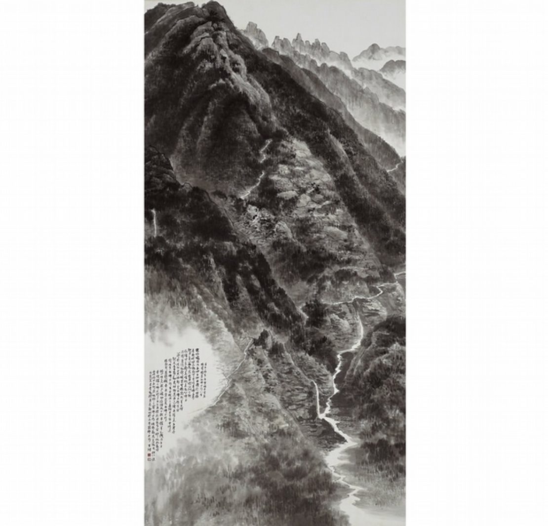 趙宇脩秉性低調,先後受教於張光賓、何懷碩、李義弘等,於歷代巨跡一一攻究。「谿山秘徑」,存留北宋范寬與近代黃賓虹之典範,「以渾厚蒼潤為尚,以浮薄媚俗為誡。」看是渲染,實為點垛,墨氣行於塵點之間,不似傳統皴巖容易施設筆線,於山頭著萬千叢點,傳達鬱鬱蒼蒼,草木滋潤之貌,畫面積墨沉厚,有行夜山之感,這與趙宇脩服役金門山居夜行之生命感受相連結。
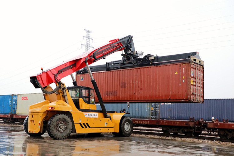 2月11日,滿載汽車配件的集裝箱在株洲陸港被吊裝上車。當天,一列滿載汽車配件的“湘粵非”鐵海聯運國際班列從湖南長株潭口岸經貿發展有限公司專用鐵路鳴笛開出,開往廣州南沙港,再換船出海。這是自2021年“湘粵非”鐵海聯運國際班列開行以來的第2000趟班列。 孟祥琳 攝(湖南圖片庫)
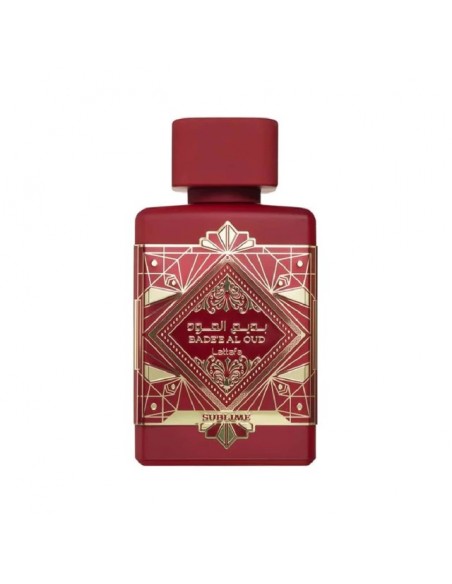 El envase de Bade'e Al Oud Sublime es una experiencia en sí misma. La botella, de peso considerable y con detalles dorados, destaca elegantemente sobre un fondo carmesí. La caja, adornada con chispas doradas y una tarjeta con las notas de fragancia, refleja la atención al detalle y el lujo característico de Lattafa Perfumes.
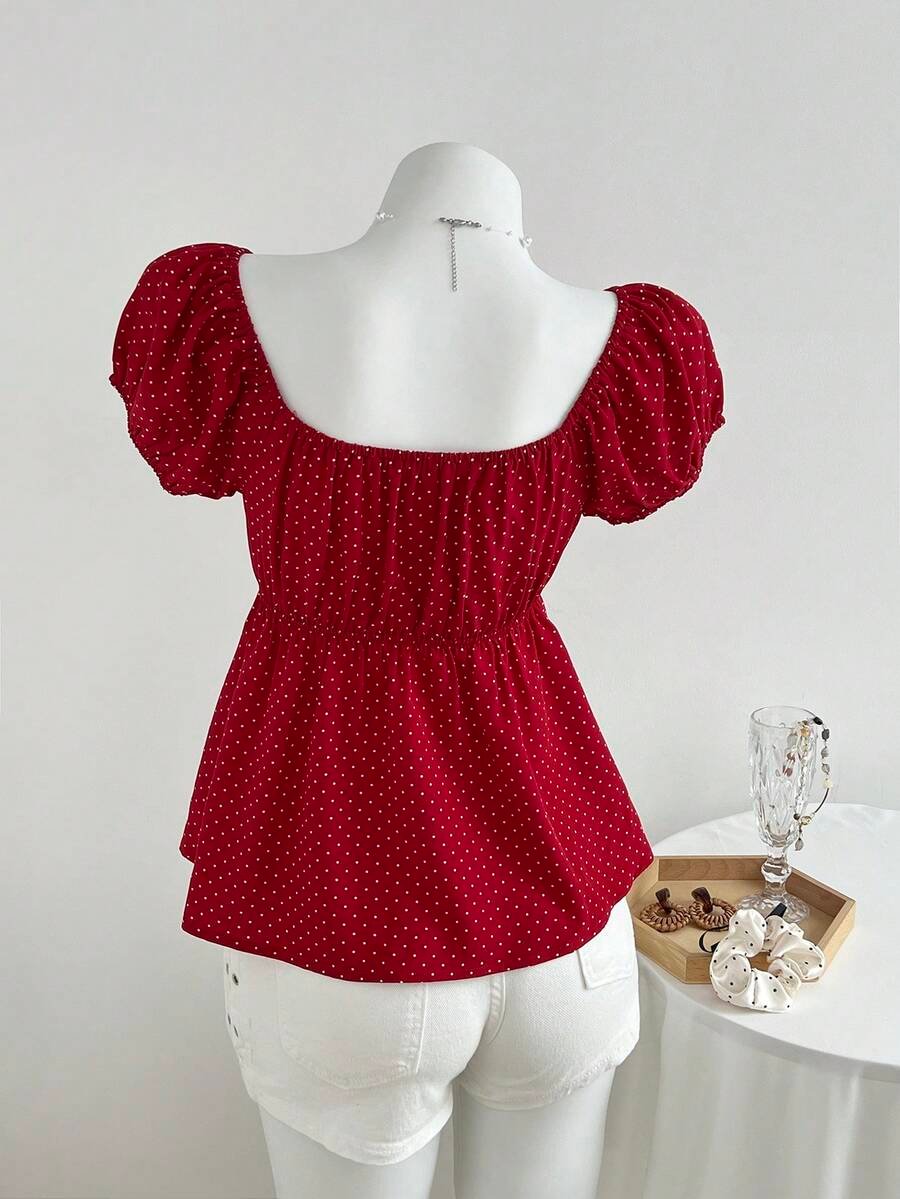 Blusa de cuello cuadrado con estampado de lunares y manga corta
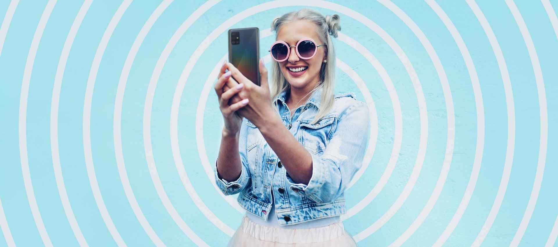 Smukła, praktycznie bezramkowa obudowa Samsung Galaxy A51, zachwyca szerokim ekranem Infinity O z matrycą Super AMOLED. Tył smartfonu zaskakuje holograficznym połyskiem oraz przyciągającym wzrok geometrycznym wzorem. Prawdziwą rewolucją są jednak cztery aparaty główne, otwierające przed tobą zupełnie nową jakość fotografii. Co więcej, mocne podzespoły, wytrzymała bateria oraz wsparcie sztucznej inteligencji sprawiają, że wszystko, co robisz na Galaxy A51 przebiega szybko i sprawnie.
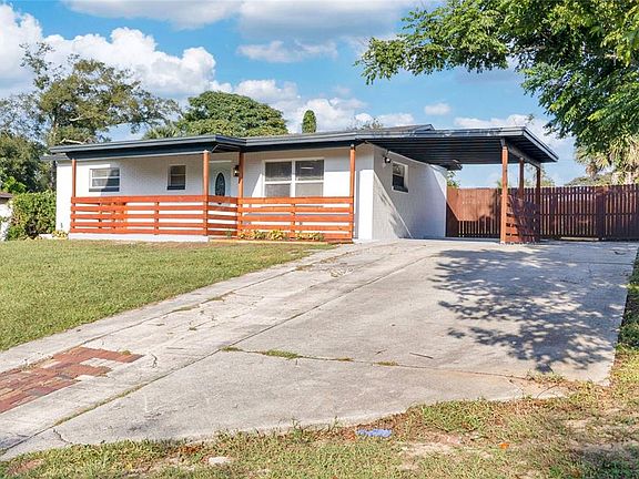 One or more photo(s) has been virtually staged. Welcome to 5539 Huber Drive, located in the Clearview Heights neighborhood in Orlando, known for its close-knit community vibe. From the moment you arrive, you’ll notice this single-story ranch home has been thoughtfully refreshed from the outside curb appeal to the interior! A newly added front porch and covered carport (both finished with durable epoxy floors) welcome you to a freshly painted exterior and tidy new landscaping that make the home feel ready from the moment you pull up. Inside, an open floor plan stretches across 1,425 sq ft and flows naturally for everyday living and easy entertaining: bright living room sightlines spill into the kitchen and dining area, so conversation never skips a beat. The kitchen is built for real-life use — new stainless appliances, granite countertops, subway tile backsplash, and a center island with breakfast bar create a clean, modern heart to the home. New vinyl plank floors and updated fixtures run throughout the living spaces, giving a cohesive, move-in-ready look while the newer AC and a roof only a few years old give practical peace of mind. Three bedrooms, two bathrooms. The primary suite sits privately at the back of the house and includes a large walk-in closet and an en-suite bath with a walk-in shower and quartz countertops. A generously sized laundry/utility closet, plus added closets throughout the home, make storage simple and sensible. Step back in the living room, through the French doors, and you’ll come upon a patio that overlooks a spacious, fully fenced backyard — a perfect canvas for summer barbecues, pets, or a future pool or garden. The Clearview Heights neighborhood makes everyday errands a breeze: grocery stores, drugstores, and casual restaurants are a short drive away, and you'll find a handful of shopping plazas and service businesses nearby for whatever pops up during the week. For commuting and travel, the location gives you fast access to major roads and highways (I-4 and the 417), and downtown Orlando and Orlando International Airport are an easy drive when you need them. For weekend or evening plans, there are neighborhood parks, green spaces, and lakes within reach for outdoor time and exploring. Schedule a private showing today to see all the awesome updates and thoughtful layout come together at 5539 Huber Drive.
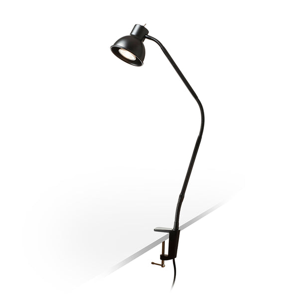 LED-Klemmlampe mit konischem Schirm und flexiblem Hals. Die Steuerung befindet sich am Clip der Lampe. Die maximale Spannweite des Clips beträgt 2,5 cm. Dreistufige Dimmfunktion.
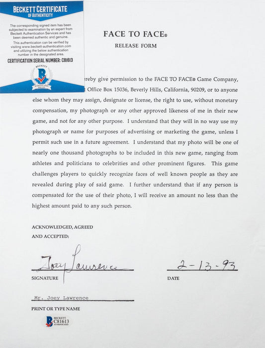 Face to Face Board Game Celebrity Autograph-Joey Lawrence
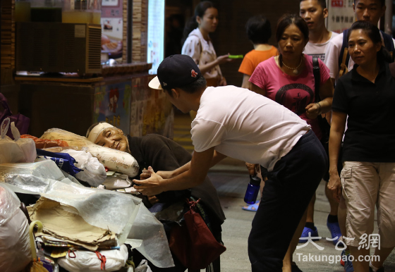 记者适遇家住黄大仙的谭先生,昨晚放下500元,购买一份《大公报》,婆婆面露笑容答谢。谭先生称,佩服睡婆婆自食其力,体现香港人的精神,他只是向婆婆表达一份敬意。
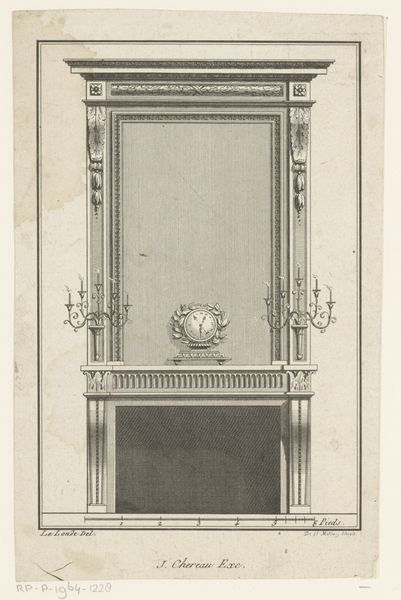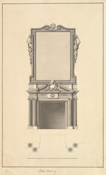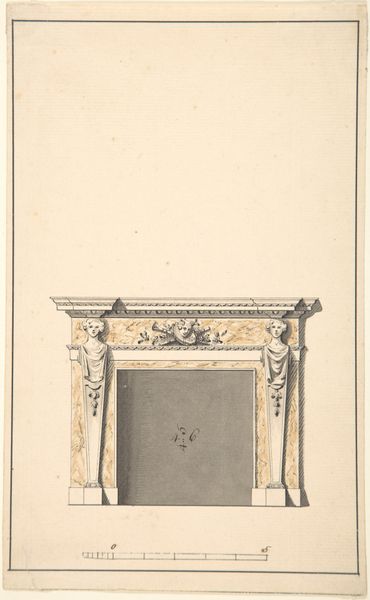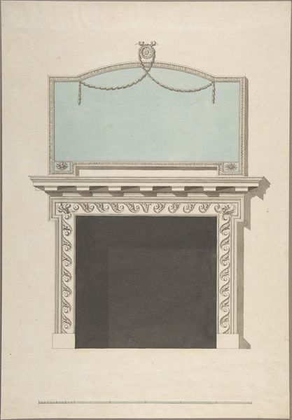 Curator: Standing here, we're observing John Yenn's "Design for a Chimneypiece," a drawing and print made sometime between 1770 and 1821, currently held at the Metropolitan Museum of Art. It's a fascinating piece within the Neoclassical movement. Editor: It certainly has a severe, ordered elegance, almost sterile. The light pink backdrop only barely softens the rigid geometry of the chimney and the oval frame above. Curator: Indeed. Neoclassicism was, in many ways, about order after the perceived excesses of the Rococo period. Yenn’s design speaks to that desire for rational design, evoking ancient Greek and Roman ideals about form. How do you see the artist exploring materials in this design? Editor: The artist’s medium is essentially line. It describes shape and texture, but I'm more drawn to the potential of the absent materials. This piece feels like a call for marble and carefully carved wood. Look at how those precise pencil strokes indicate texture and ornament. One must think about the labor involved in rendering this at full scale with proper material. Curator: Absolutely, there's a strong emphasis on craftsmanship that aligns with Neoclassical ideals. The level of detail in the fluting of the pilasters and the delicate wreaths is quite striking. This type of imagery became symbolic of social status and refinement. Do you think this design catered to a specific audience? Editor: Without a doubt, it projects power and sophistication, it would have certainly appealed to wealthy patrons seeking to express their refinement and learning. The emphasis on balance and proportion speaks volumes about the priorities of its commissioner. This elevation showcases a carefully planned interior scheme that privileged geometric order, where function appears second to an overall harmony and a certain cold beauty. Curator: Very well said. This piece really exemplifies the role art can play in defining social narratives. Editor: It certainly highlights the way a well-placed chimney could fuel the construction of new societal roles. Curator: It certainly is a drawing that invites us to appreciate not only design, but also its potential role within a certain moment in history. Editor: Exactly, reflecting on what’s physically there versus what we project onto it reveals quite a bit about the power dynamics inherent in material culture.
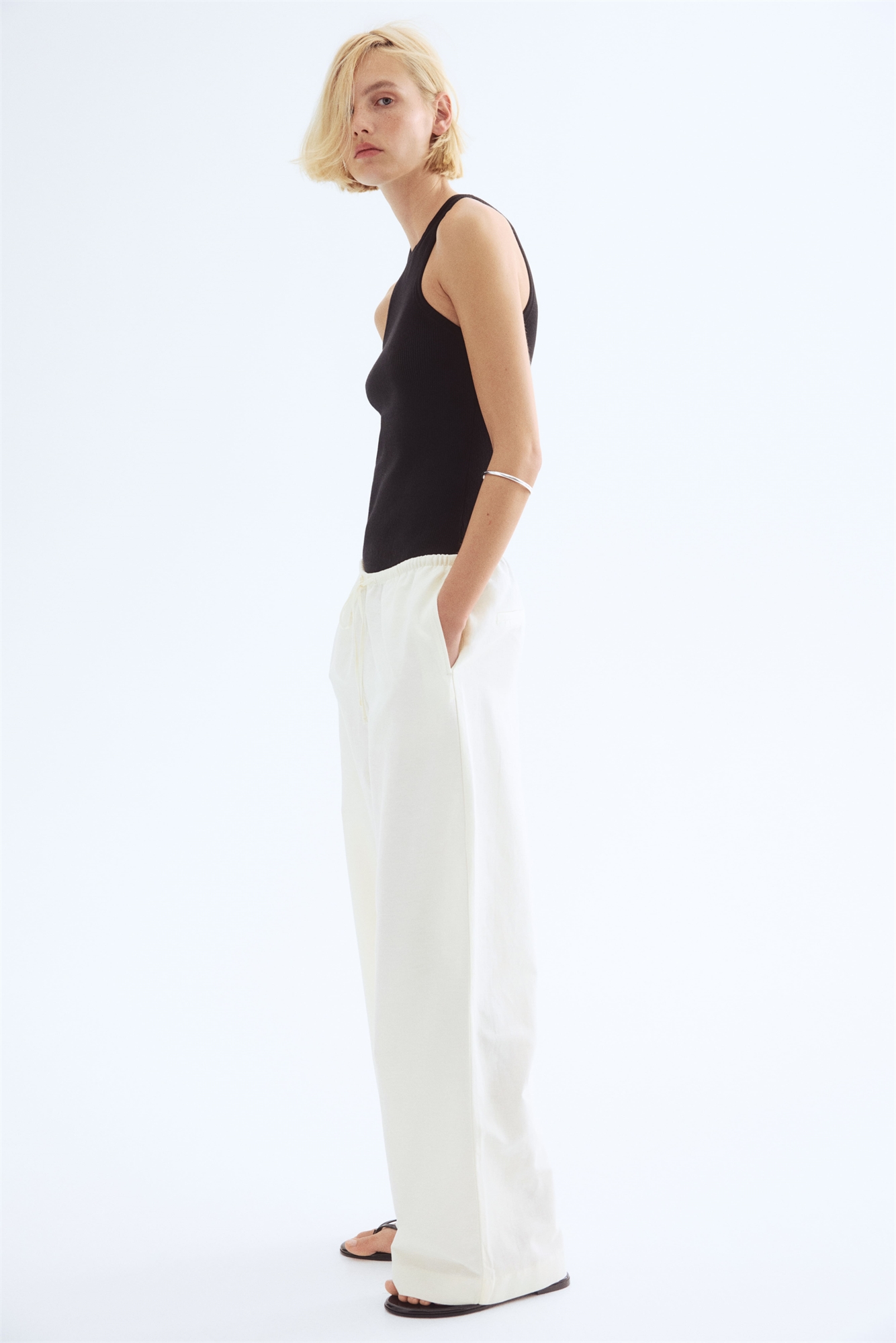 Брюки с воздушным плетением из смеси льна. Свободный крой с узкой, закрытой резинкой и утягивающим шнурком на талии. Небрежные боковые карманы, втачные задние карманы и прямые ноги.
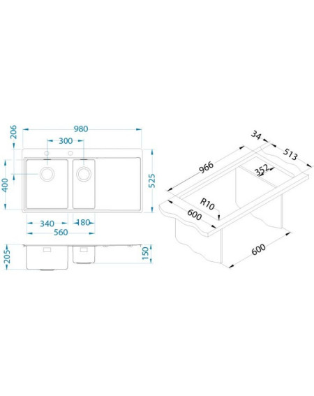 - Nusausinimo zona ir papildomas dubuo kairėje pusėje;
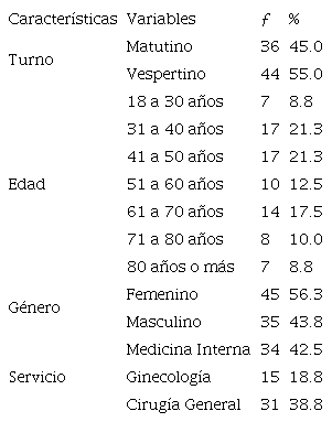 De los 80 pacientes participantes el 55% f=44) correspondió al matutino, el promedio de ellos reportó edades de entre 31 a 40 y de 41 a 50 con un 21.3% (f=17) respectivamente, en cuanto al género predominó al femenino 56.3 (f=45). El servicio con más prevalencia fue medicina interna con 42.5% (f=34) y cirugía general con el 38.8% (f=31) tabla 1.
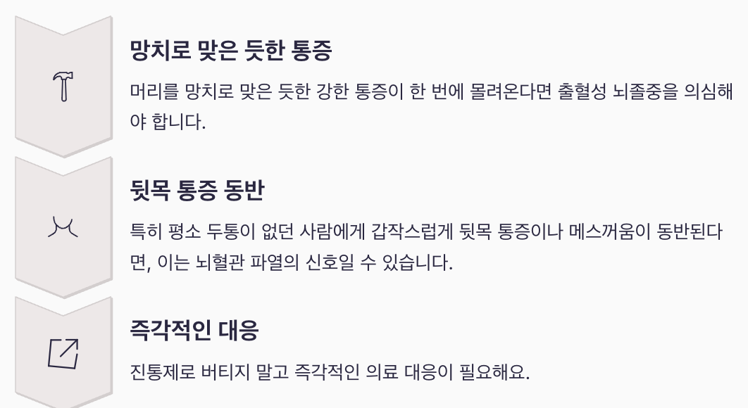 | 통증 증상 | 갑작스러운 극심한 두통, 뒷목 통증 |
***
| EXERCISE GOAL |
Omit the pictures, then output the rest of the listing exactly.

| YOUR RESPONSE |
 趙宇脩秉性低調,先後受教於張光賓、何懷碩、李義弘等,於歷代巨跡一一攻究。「谿山秘徑」,存留北宋范寬與近代黃賓虹之典範,「以渾厚蒼潤為尚,以浮薄媚俗為誡。」看是渲染,實為點垛,墨氣行於塵點之間,不似傳統皴巖容易施設筆線,於山頭著萬千叢點,傳達鬱鬱蒼蒼,草木滋潤之貌,畫面積墨沉厚,有行夜山之感,這與趙宇脩服役金門山居夜行之生命感受相連結。
 2月11日,滿載汽車配件的集裝箱在株洲陸港被吊裝上車。當天,一列滿載汽車配件的“湘粵非”鐵海聯運國際班列從湖南長株潭口岸經貿發展有限公司專用鐵路鳴笛開出,開往廣州南沙港,再換船出海。這是自2021年“湘粵非”鐵海聯運國際班列開行以來的第2000趟班列。 孟祥琳 攝(湖南圖片庫)
 El envase de Bade'e Al Oud Sublime es una experiencia en sí misma. La botella, de peso considerable y con detalles dorados, destaca elegantemente sobre un fondo carmesí. La caja, adornada con chispas doradas y una tarjeta con las notas de fragancia, refleja la atención al detalle y el lujo característico de Lattafa Perfumes.
 Blusa de cuello cuadrado con estampado de lunares y manga corta
 Smukła, praktycznie bezramkowa obudowa Samsung Galaxy A51, zachwyca szerokim ekranem Infinity O z matrycą Super AMOLED. Tył smartfonu zaskakuje holograficznym połyskiem oraz przyciągającym wzrok geometrycznym wzorem. Prawdziwą rewolucją są jednak cztery aparaty główne, otwierające przed tobą zupełnie nową jakość fotografii. Co więcej, mocne podzespoły, wytrzymała bateria oraz wsparcie sztucznej inteligencji sprawiają, że wszystko, co robisz na Galaxy A51 przebiega szybko i sprawnie.
 One or more photo(s) has been virtually staged. Welcome to 5539 Huber Drive, located in the Clearview Heights neighborhood in Orlando, known for its close-knit community vibe. From the moment you arrive, you’ll notice this single-story ranch home has been thoughtfully refreshed from the outside curb appeal to the interior! A newly added front porch and covered carport (both finished with durable epoxy floors) welcome you to a freshly painted exterior and tidy new landscaping that make the home feel ready from the moment you pull up. Inside, an open floor plan stretches across 1,425 sq ft and flows naturally for everyday living and easy entertaining: bright living room sightlines spill into the kitchen and dining area, so conversation never skips a beat. The kitchen is built for real-life use — new stainless appliances, granite countertops, subway tile backsplash, and a center island with breakfast bar create a clean, modern heart to the home. New vinyl plank floors and updated fixtures run throughout the living spaces, giving a cohesive, move-in-ready look while the newer AC and a roof only a few years old give practical peace of mind. Three bedrooms, two bathrooms. The primary suite sits privately at the back of the house and includes a large walk-in closet and an en-suite bath with a walk-in shower and quartz countertops. A generously sized laundry/utility closet, plus added closets throughout the home, make storage simple and sensible. Step back in the living room, through the French doors, and you’ll come upon a patio that overlooks a spacious, fully fenced backyard — a perfect canvas for summer barbecues, pets, or a future pool or garden. The Clearview Heights neighborhood makes everyday errands a breeze: grocery stores, drugstores, and casual restaurants are a short drive away, and you'll find a handful of shopping plazas and service businesses nearby for whatever pops up during the week. For commuting and travel, the location gives you fast access to major roads and highways (I-4 and the 417), and downtown Orlando and Orlando International Airport are an easy drive when you need them. For weekend or evening plans, there are neighborhood parks, green spaces, and lakes within reach for outdoor time and exploring. Schedule a private showing today to see all the awesome updates and thoughtful layout come together at 5539 Huber Drive.
 LED-Klemmlampe mit konischem Schirm und flexiblem Hals. Die Steuerung befindet sich am Clip der Lampe. Die maximale Spannweite des Clips beträgt 2,5 cm. Dreistufige Dimmfunktion.
 Face to Face Board Game Celebrity Autograph-Joey Lawrence
 记者适遇家住黄大仙的谭先生,昨晚放下500元,购买一份《大公报》,婆婆面露笑容答谢。谭先生称,佩服睡婆婆自食其力,体现香港人的精神,他只是向婆婆表达一份敬意。
 Curator: Standing here, we're observing John Yenn's "Design for a Chimneypiece," a drawing and print made sometime between 1770 and 1821, currently held at the Metropolitan Museum of Art. It's a fascinating piece within the Neoclassical movement. Editor: It certainly has a severe, ordered elegance, almost sterile. The light pink backdrop only barely softens the rigid geometry of the chimney and the oval frame above. Curator: Indeed. Neoclassicism was, in many ways, about order after the perceived excesses of the Rococo period. Yenn’s design speaks to that desire for rational design, evoking ancient Greek and Roman ideals about form. How do you see the artist exploring materials in this design? Editor: The artist’s medium is essentially line. It describes shape and texture, but I'm more drawn to the potential of the absent materials. This piece feels like a call for marble and carefully carved wood. Look at how those precise pencil strokes indicate texture and ornament. One must think about the labor involved in rendering this at full scale with proper material. Curator: Absolutely, there's a strong emphasis on craftsmanship that aligns with Neoclassical ideals. The level of detail in the fluting of the pilasters and the delicate wreaths is quite striking. This type of imagery became symbolic of social status and refinement. Do you think this design catered to a specific audience? Editor: Without a doubt, it projects power and sophistication, it would have certainly appealed to wealthy patrons seeking to express their refinement and learning. The emphasis on balance and proportion speaks volumes about the priorities of its commissioner. This elevation showcases a carefully planned interior scheme that privileged geometric order, where function appears second to an overall harmony and a certain cold beauty. Curator: Very well said. This piece really exemplifies the role art can play in defining social narratives. Editor: It certainly highlights the way a well-placed chimney could fuel the construction of new societal roles. Curator: It certainly is a drawing that invites us to appreciate not only design, but also its potential role within a certain moment in history. Editor: Exactly, reflecting on what’s physically there versus what we project onto it reveals quite a bit about the power dynamics inherent in material culture.
 Брюки с воздушным плетением из смеси льна. Свободный крой с узкой, закрытой резинкой и утягивающим шнурком на талии. Небрежные боковые карманы, втачные задние карманы и прямые ноги.
 - Nusausinimo zona ir papildomas dubuo kairėje pusėje;
 De los 80 pacientes participantes el 55% f=44) correspondió al matutino, el promedio de ellos reportó edades de entre 31 a 40 y de 41 a 50 con un 21.3% (f=17) respectivamente, en cuanto al género predominó al femenino 56.3 (f=45). El servicio con más prevalencia fue medicina interna con 42.5% (f=34) y cirugía general con el 38.8% (f=31) tabla 1.
 | 통증 증상 | 갑작스러운 극심한 두통, 뒷목 통증 |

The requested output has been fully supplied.